DDIA Chapter 1: Reliable, Scalable, and Maintainable Applications

Many applications are data-intensive instead of compute-intensive, for example:

  • Store data so that they, or another application, can find it again later (database)
  • Remember the result of an expensive operation, to speed up reads (caches)
  • Allow users to search data or filter in carious ways (search indexes)
  • Send a message to another process, to be handled asynchronously (stream processing)
  • Periodically crunch a large amount of data (batch processing)

When building an application, we need to figure out which tools and which approaches are the most appropriate for the task at hand.

Thinking About Data Systems

Many new tools for data storage and processing emerged recently, they are optimized for a variety different use cases, and they no longer neatly fit into traditional categories. For example, Redis are datastores that are also used as message queues, Kafka are message queues with database-like durability guarantees.

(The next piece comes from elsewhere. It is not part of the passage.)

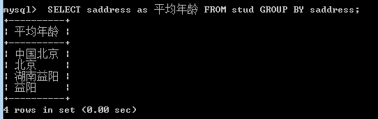SELECT saddress as 平均年齡 FROM stud GROUP BY saddress;

We will focus on 3 concerns that are important in most software systems:

Reliability: The system should continue to work correctly (performing the correct function at the desired level of performance) even in the face of adversity (hardware or software faults, and even human error).

Scalability: As the system grows (in data volume, traffic volume, or complexity), there should be reasonable ways of dealing with that growth.

Maintainability: Over time, many different people will work on the system (engineering and operations, both maintaining current behavior and adapting the system to new use cases), and they should all be able to work on it productively.

Reliability

Reliability means “continuing to work correctly, even when things go wrong”.

The things that can go wrong are called faults, and systems that anticipate faults and can cope with them are called fault-tolerant or resilient.

Note that a fault is different than a failure. It is impossible to reduce the probability of a fault to zero; therefore it is usually best to design fault-tolerance mechanisms that prevent faults from causing failures.